22 カフェへ
王都で最近話題に上がっているカフェというだけあって、店内はかなりの人で賑わっていた。
年頃の若いカップル、リディアたちと同じ制服を着る学生、ご年配の夫婦まで。
店内に入ったリディアとエリオットたちを、若い女性店員が出迎えた。
「いらっしゃいませ、お席までご案内致します」
「ありがとうございます」
リディアたち一行は店員のあとをついて、一番奥にある大きなテーブルの席に通された。
ソファ側の席にはエミリーとエリオットを中心にマイラとアデルが二人を囲むようにして座った。
そして向かい側には、ヘンリーを間に挟んでリディアとヴァイオレットが座る。
「……何故俺が真ん中なんだ」
「何か真ん中は気が引けちゃうのよね」
「そうそう、この中で一番真ん中に相応しいのは紛れもなくアンタよ」
ヘンリーは気が乗らないようだったが、彼が真ん中を受け入れてくれたおかげでエリオットとエミリーの正面になるのを避けることができた。

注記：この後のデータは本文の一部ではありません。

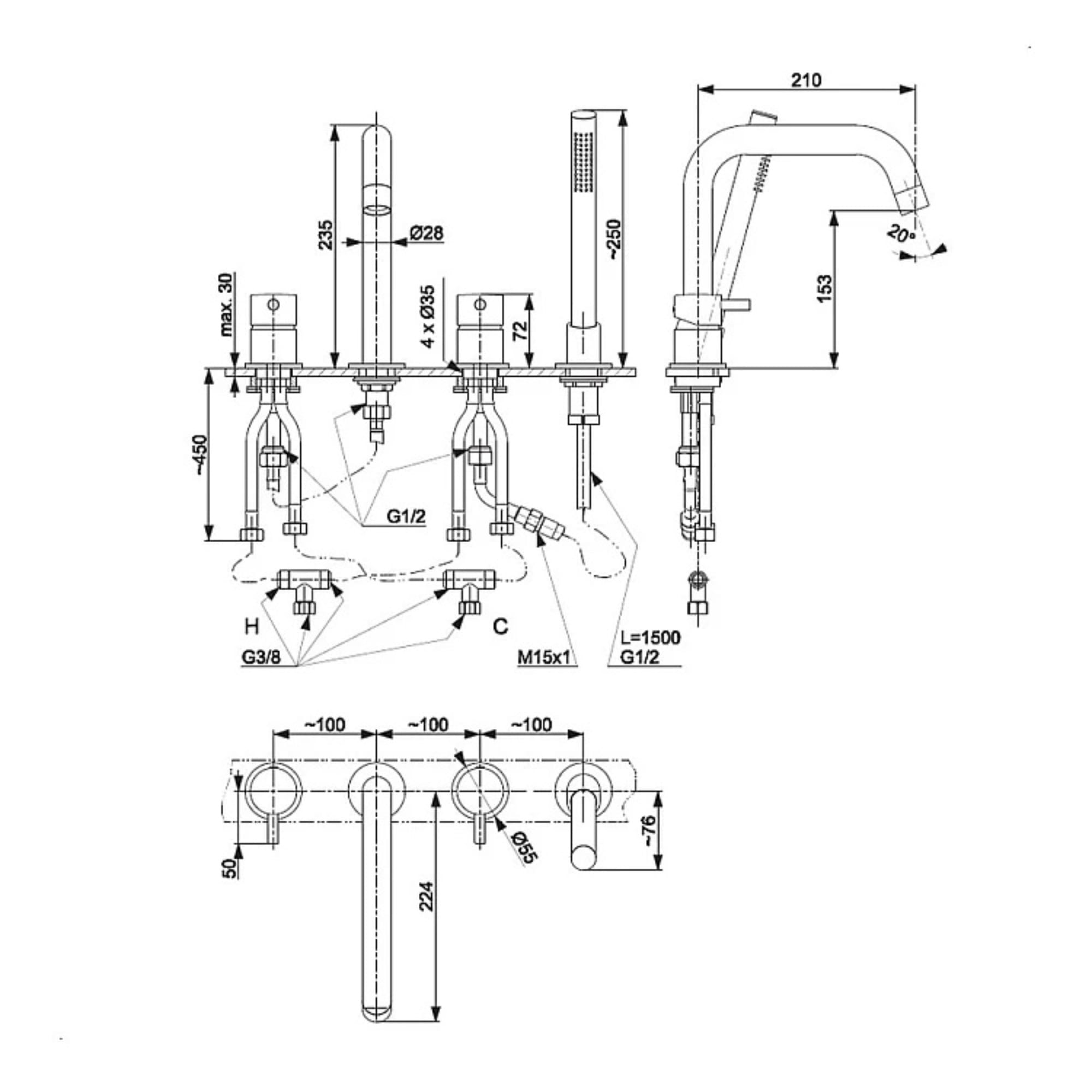 | Особенности смесителя | На 4 отверстия, С ручной лейкой |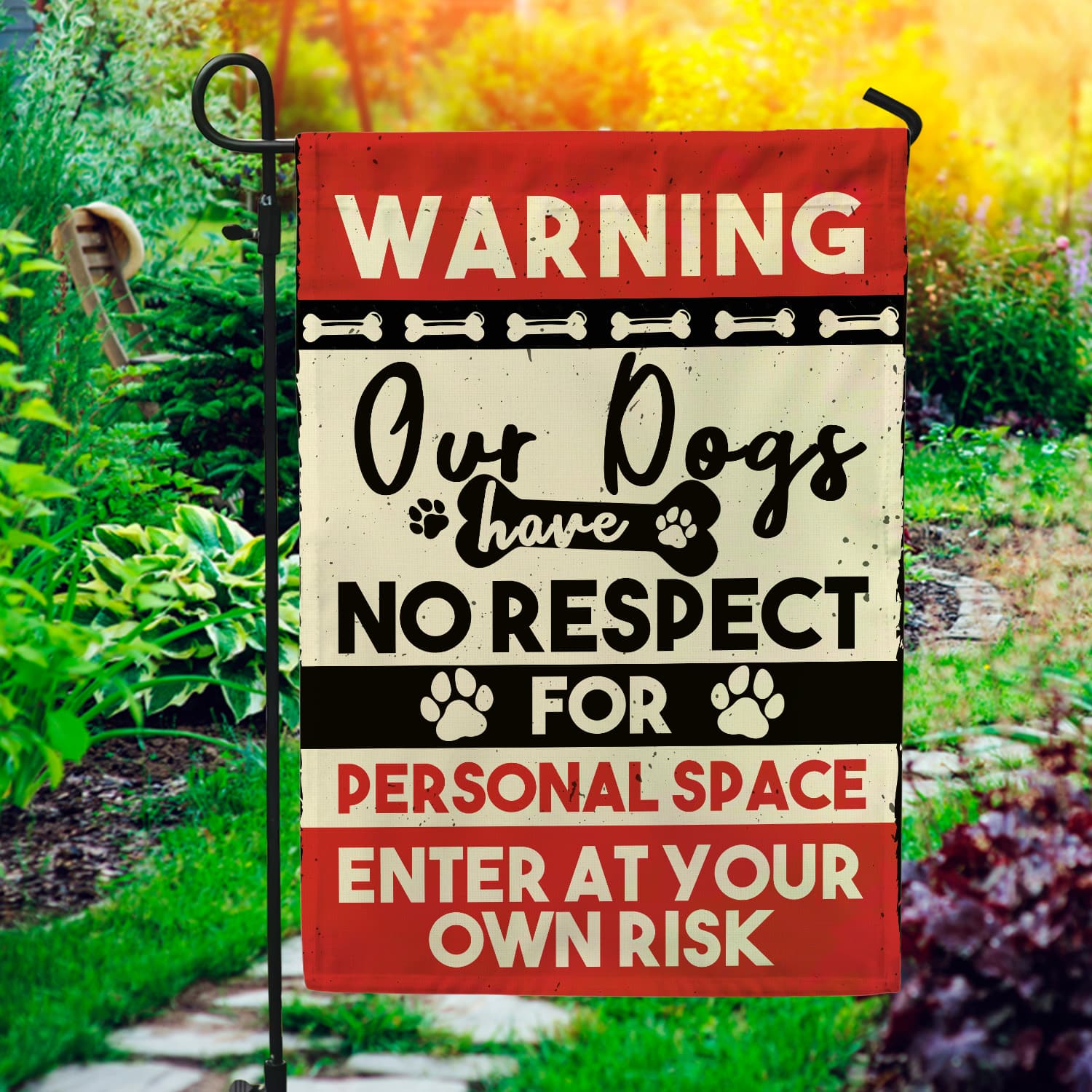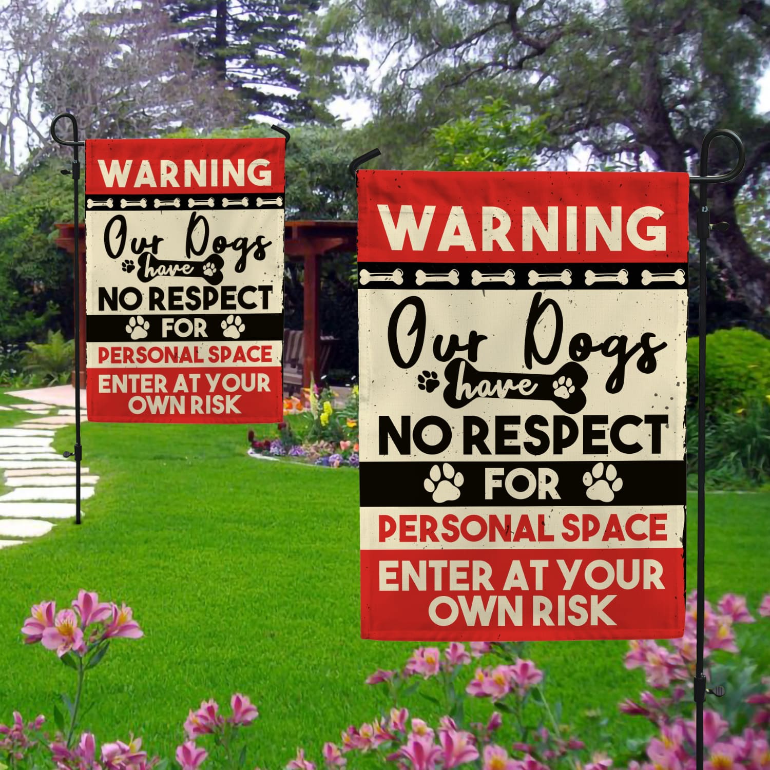 Let’s Shop Dog Warning Enter at Your Own Risk Funny Dog Garden Flag – House Flag – Wall Flag!

エミリーがテーブルの端に置かれていたメニュー表を手に取りながら、口を開いた。
「よかったですね、席が空いていて」
「ええ、おかげですぐに入れました」
とはいっても、観劇まではまだ一時間はある。時間には十分な余裕があった。
エミリーはメニュー表を開き、エリオットたちと共に眺めた。正面に座る四人、やたらと距離が近いような気がするが気のせいだろうか。

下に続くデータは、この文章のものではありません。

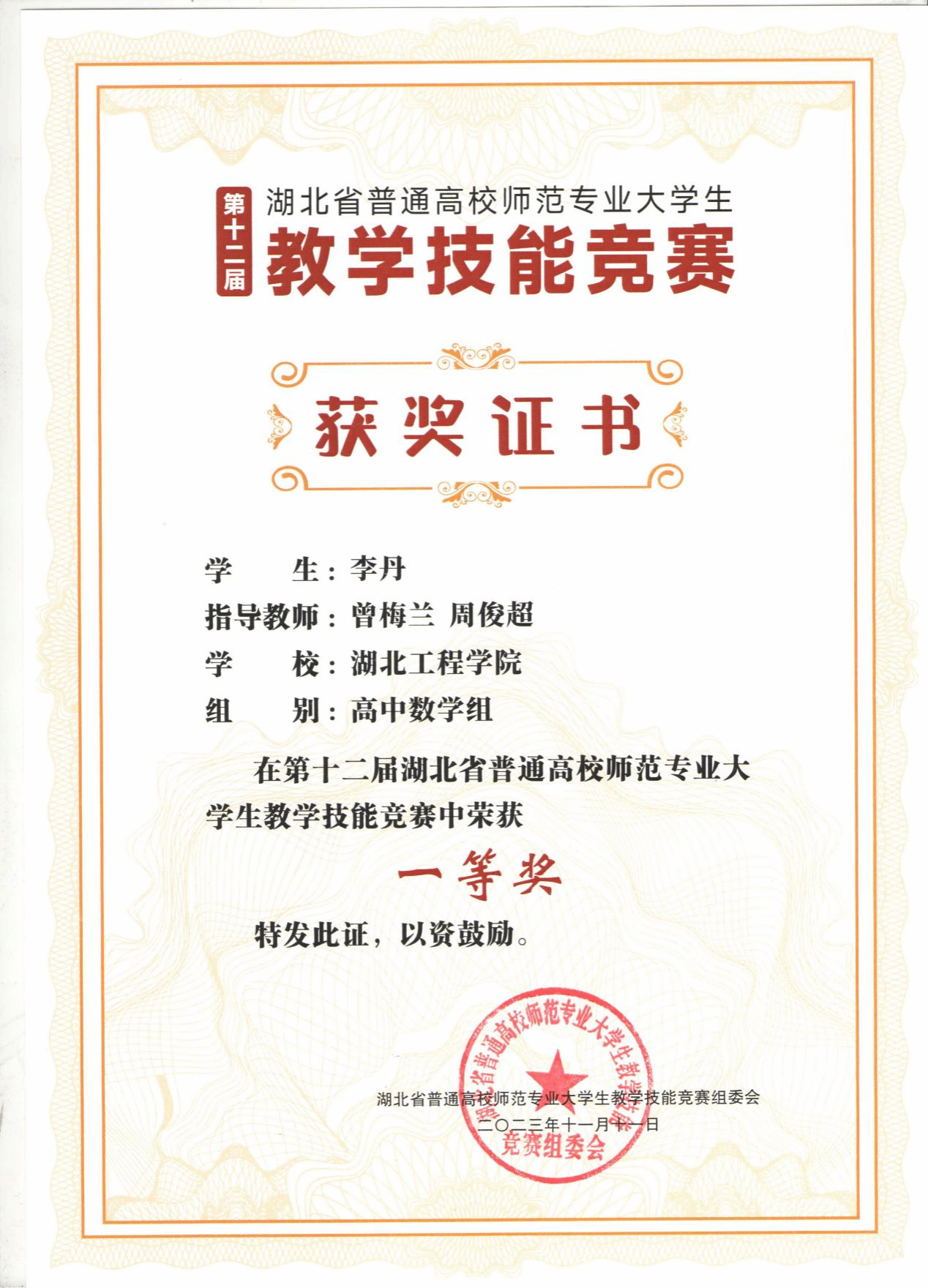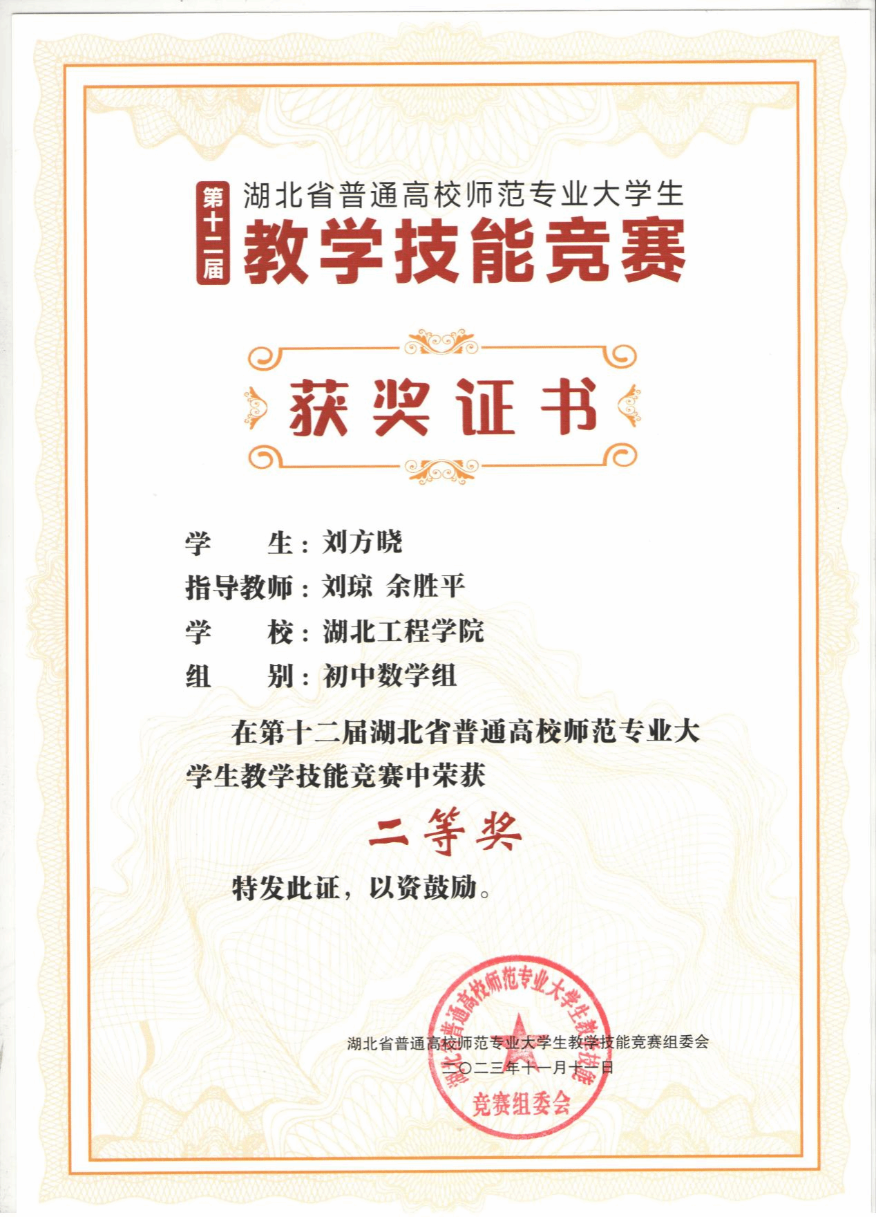 2023年11月11日,第十二届湖北省普通高校师范专业大学生教学技能竞赛决赛在华中师范大学圆满落幕,Beat365官网两名数学与应用数学专业学生在全省十几所参赛高校中脱颖而出,创Beat365官网参加此项赛事以来最好成绩,其中李丹获得高中数学组一等奖(指导老师:曾梅兰、周俊超),刘方晓获得初中数学组二等奖(指导老师:刘琼、余胜平),充分展现了Beat365官网数学与应用数学专业学生扎实的专业知识、教学技能和综合素养。

リディアたちももう一つあったメニュー表を取り、三人でページを開いた。
その中でもリディアとヴァイオレットが目を引かれたのは、一番人気商品であるイチゴのパフェだった。
デザートのページを丸々一ページ使っており、底に入っているものなどの詳細が記載されている。
「わぁ、このパフェなんてとっても美味しそう……!」
「本当ね、人気メニューみたいだし……食べてみる?」
ヴァイオレットが声を上げ、リディアもそれに同意した。
しかし、マイラとアデルはそんな二人の様子を見て小馬鹿にしたような笑みを浮かべた。
「やだ、こんなの食べたら太っちゃうわ」
「そうね、デブにだけはなりたくないもの」
”デブ”というその一言に、ヴァイオレットがピクッと眉を動かした。エミリーに限らず、彼女たちはどれだけヴァイオレットを馬鹿にすれば気が済むのだろうか。

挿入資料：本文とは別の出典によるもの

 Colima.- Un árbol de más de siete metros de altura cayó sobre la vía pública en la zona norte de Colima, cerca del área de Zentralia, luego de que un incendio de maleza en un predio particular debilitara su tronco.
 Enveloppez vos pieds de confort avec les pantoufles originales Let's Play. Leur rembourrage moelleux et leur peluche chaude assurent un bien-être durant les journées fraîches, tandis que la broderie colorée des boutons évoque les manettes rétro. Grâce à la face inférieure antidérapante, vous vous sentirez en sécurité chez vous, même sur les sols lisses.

リディアとヴァイオレットを嘲笑うように、マイラとアデルは言葉を続けた。
「夕食前にこんなものを食べようとするだなんて……意識が低すぎますわ」
「ヴァイオレット様もリディア様も、貴族令嬢としての自覚が足りないのではなくて?」
「……」
貴族令嬢としての自覚が足りないのはリディアたちではなく、そちらの方だ。いつも人目も憚らずにリディアの婚約者であるエリオットと堂々とイチャついているくせに。
と言いたくなったものの、エリオット本人がここにいる今は我慢だ。
マイラはすぐ隣にいたエリオットの腕に手を触れ、同意を求めた。
「ねぇ、エリオット様もそう思いますよね?醜く太っている婚約者なんて嫌ですよね?」
「……」
突然話を振られたエリオットは、じっとマイラを見つめた。
どうせ同調して私たちを馬鹿にするんだろうなと思っていたのも束の間、彼は信じられないことを口にした。
「――別に、食べたいものを食べればいいだろう。俺たちがいちいち口を出すようなことじゃない」
「…………………え?」
そのようなことを言われるとは思わなかったのか、マイラは目を見開いて固まった。
彼のその発言には、リディアも驚いた。
(てっきりエリオットなら同意するかと思ったのに……)
いつものように情けないと言われるのも覚悟していたリディアは、呆気に取られた。
二人に否定的なことを言ったのは、エリオットだけではなかった。
「……そうよ、マイラ、アデル。リディア様やヴァイオレット様が太ろうが私たちには関係ないじゃない。それなのにどうしてそんなことを言うの?」
「エ、エミリー……!アンタ……!」
いつものエミリーからは想像もつかないほどの、まともな発言だった。
マイラとアデルは悔しそうに唇を噛んだ。
「……パフェ、頼みましょうか。ヴァイオレット」
「そうね、リディア」
リディアとヴァイオレットは二人で一つ、パフェを頼んだ。